Exercise details. Below are some records; repeat them all exactly, minus the pictures.

Items listed in a dataset
=======

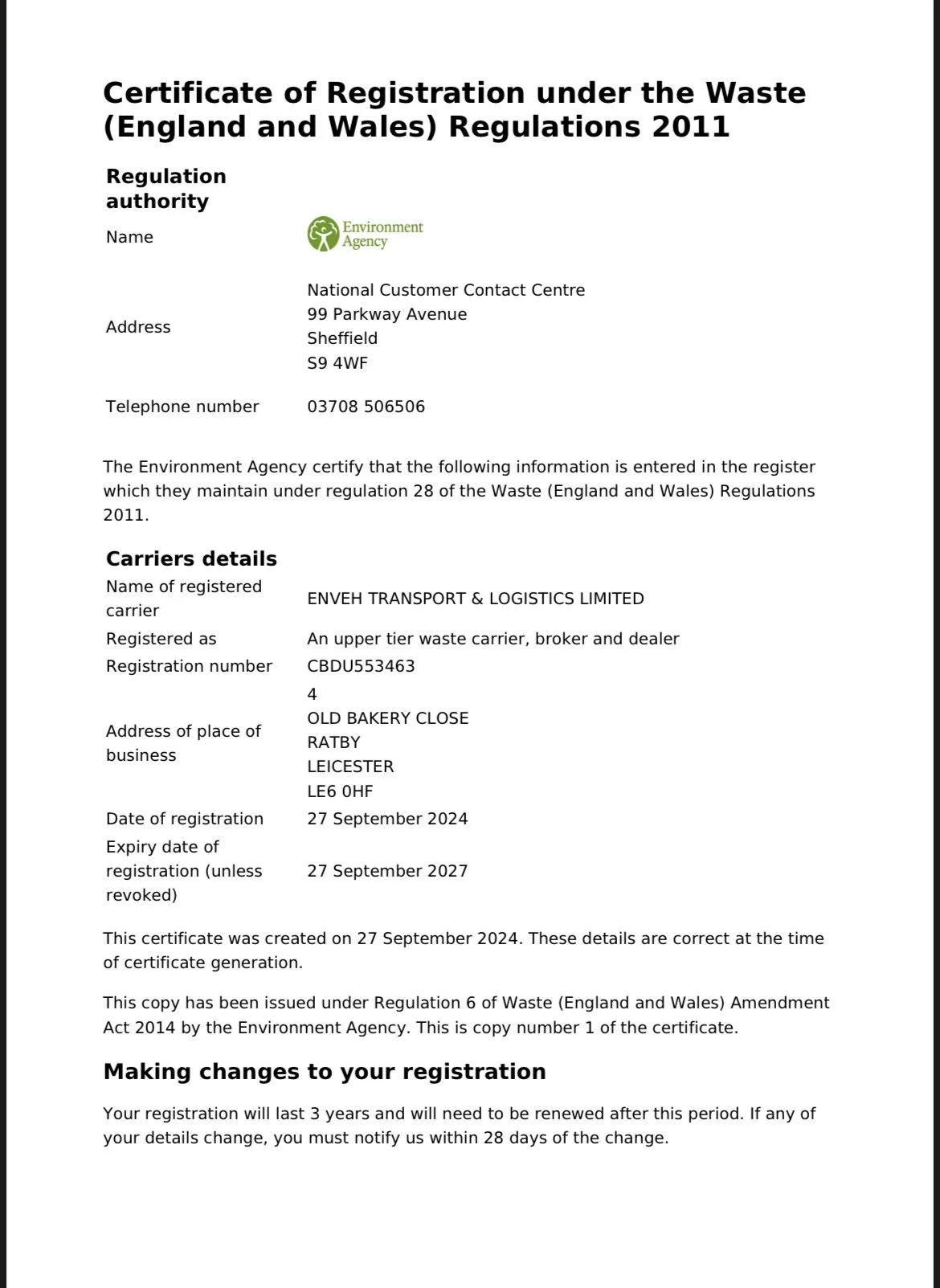 Certificate of Registration for waste carrier under the Waste (England and Wales) Regulations 2011, issued by the Environment Agency. Contains company details, registration number, address, and registration dates.
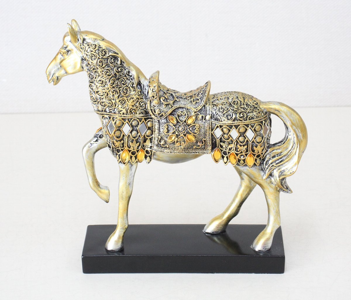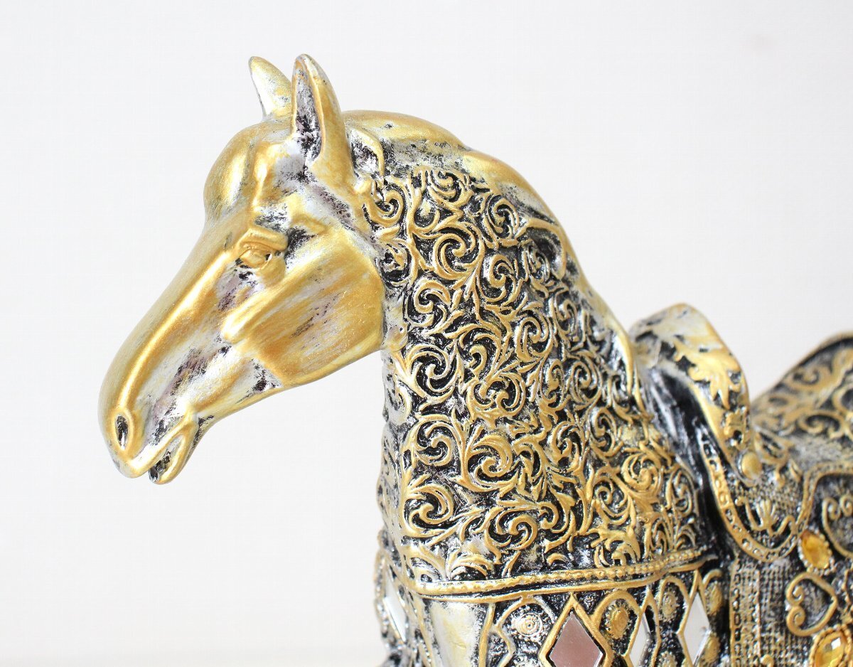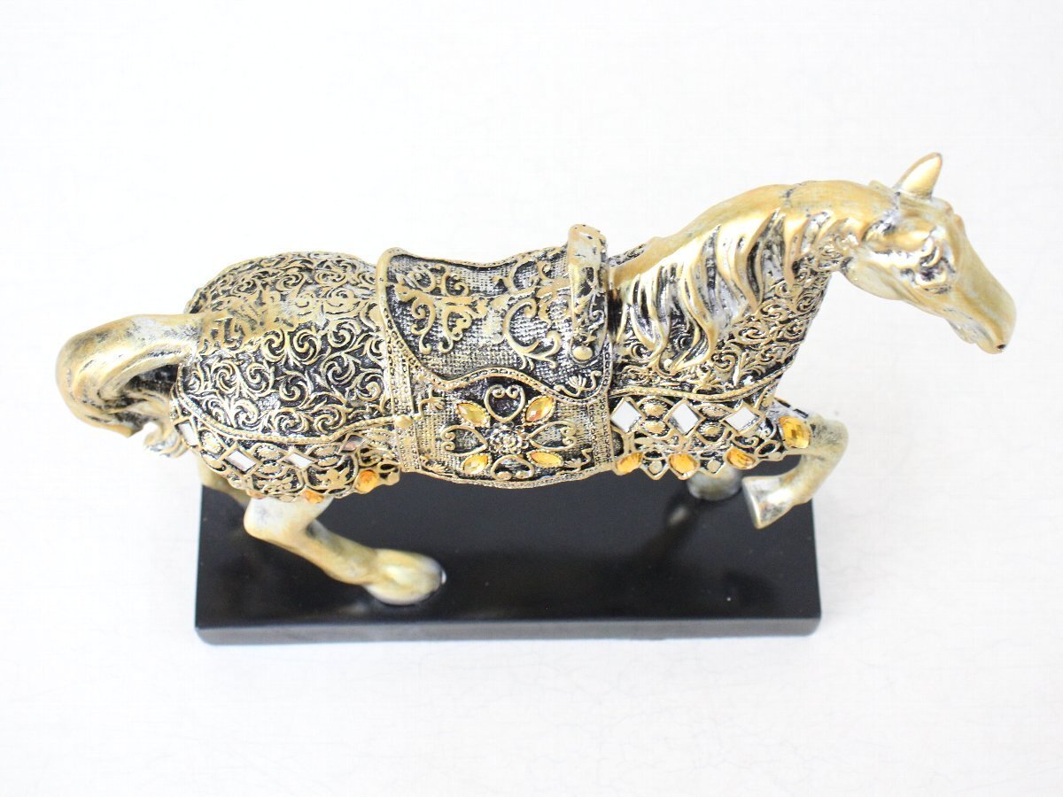 la32■金色の馬の置物◆全長26cm◆高さ26cm◆約1.1kg◆縁起物◆風水◆金運アップ◆インテリア
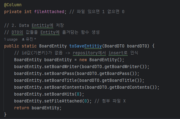 1. 객체 변환 : DTO -> Entity (setFileAttached= 0)
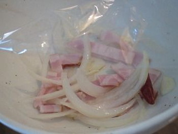 3.耐熱容器にAの材料を入れて、かるく混ぜ合わせたら、ラップをし電子レンジで5分ほど加熱します(700W)。
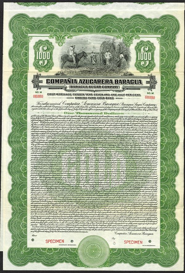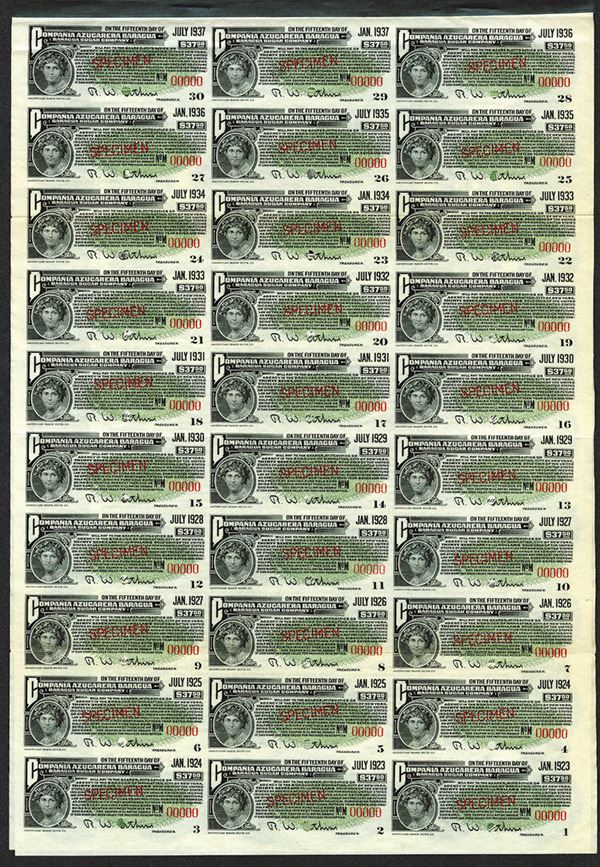 Cuba, 1922, $100, Specimen Gold Bond, Orange Border with Sugar Cane Field/Workers Vignette, Coupons Attached, POC, XF.
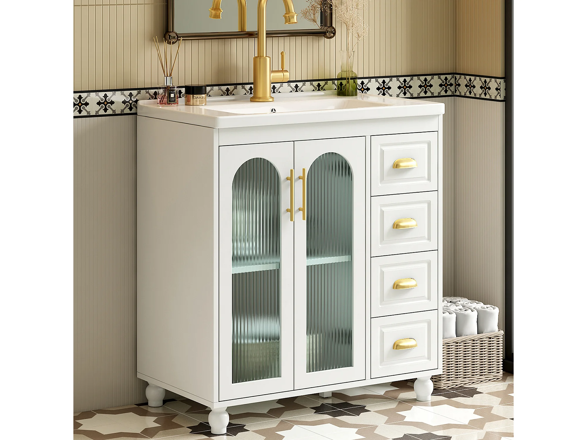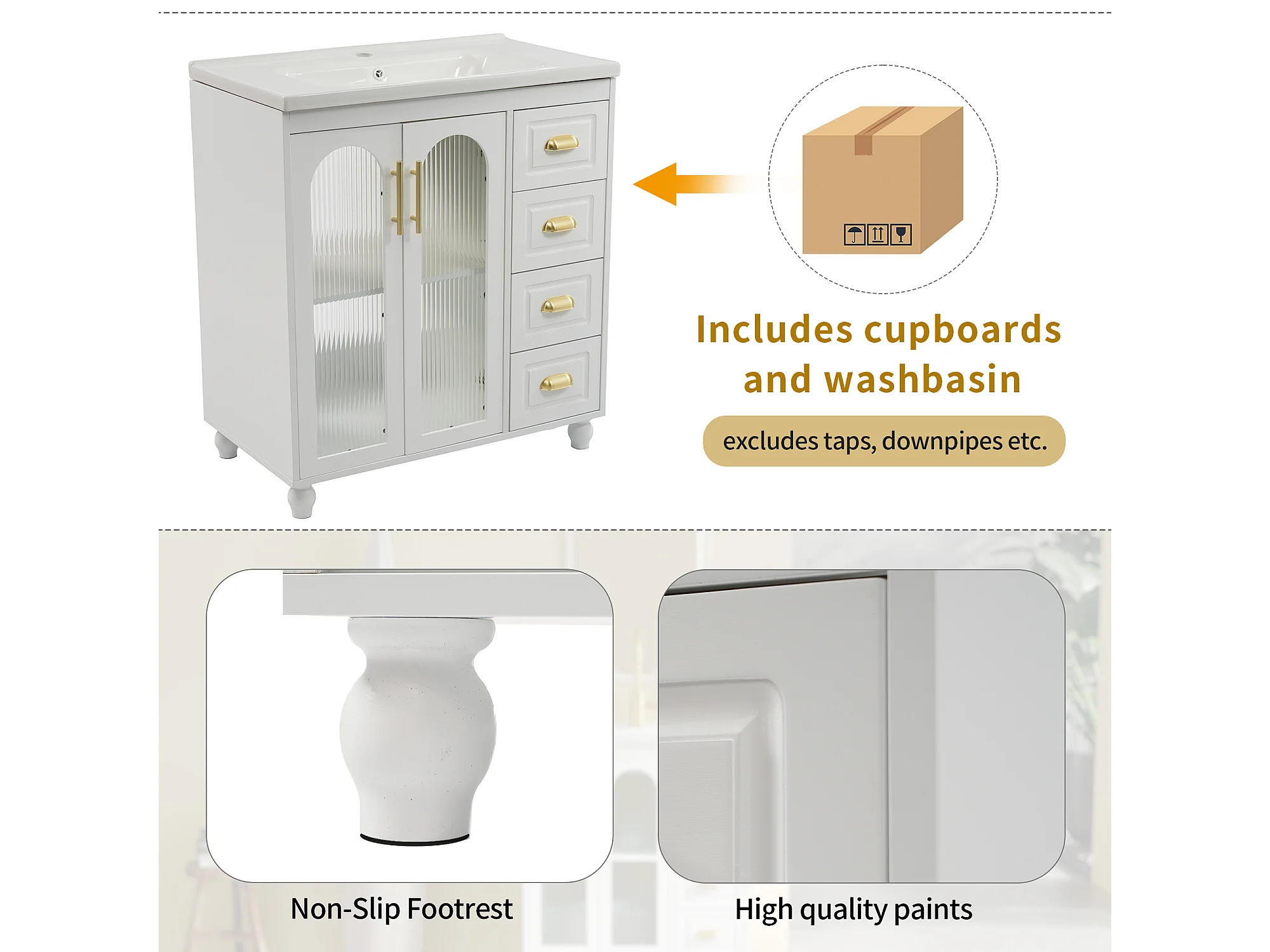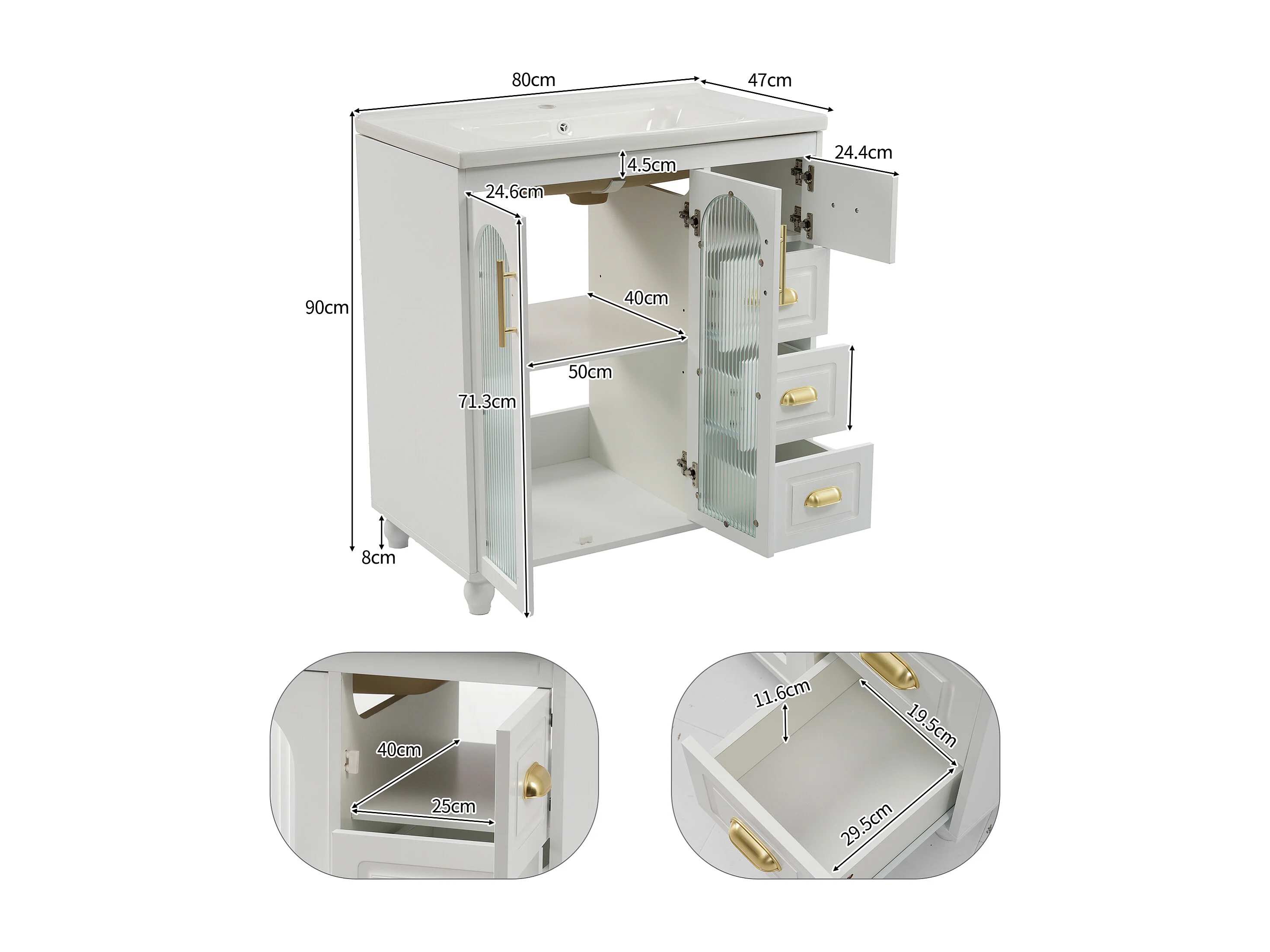 Badkamermeubel met keramische wastafel, 2 deuren, 3 laden, MDF, wit (80x47x90 cm)

=======

Exercise response.
 Certificate of Registration for waste carrier under the Waste (England and Wales) Regulations 2011, issued by the Environment Agency. Contains company details, registration number, address, and registration dates.
 la32■金色の馬の置物◆全長26cm◆高さ26cm◆約1.1kg◆縁起物◆風水◆金運アップ◆インテリア
 1. 객체 변환 : DTO -> Entity (setFileAttached= 0)
 3.耐熱容器にAの材料を入れて、かるく混ぜ合わせたら、ラップをし電子レンジで5分ほど加熱します(700W)。
 Cuba, 1922, $100, Specimen Gold Bond, Orange Border with Sugar Cane Field/Workers Vignette, Coupons Attached, POC, XF.
 Badkamermeubel met keramische wastafel, 2 deuren, 3 laden, MDF, wit (80x47x90 cm)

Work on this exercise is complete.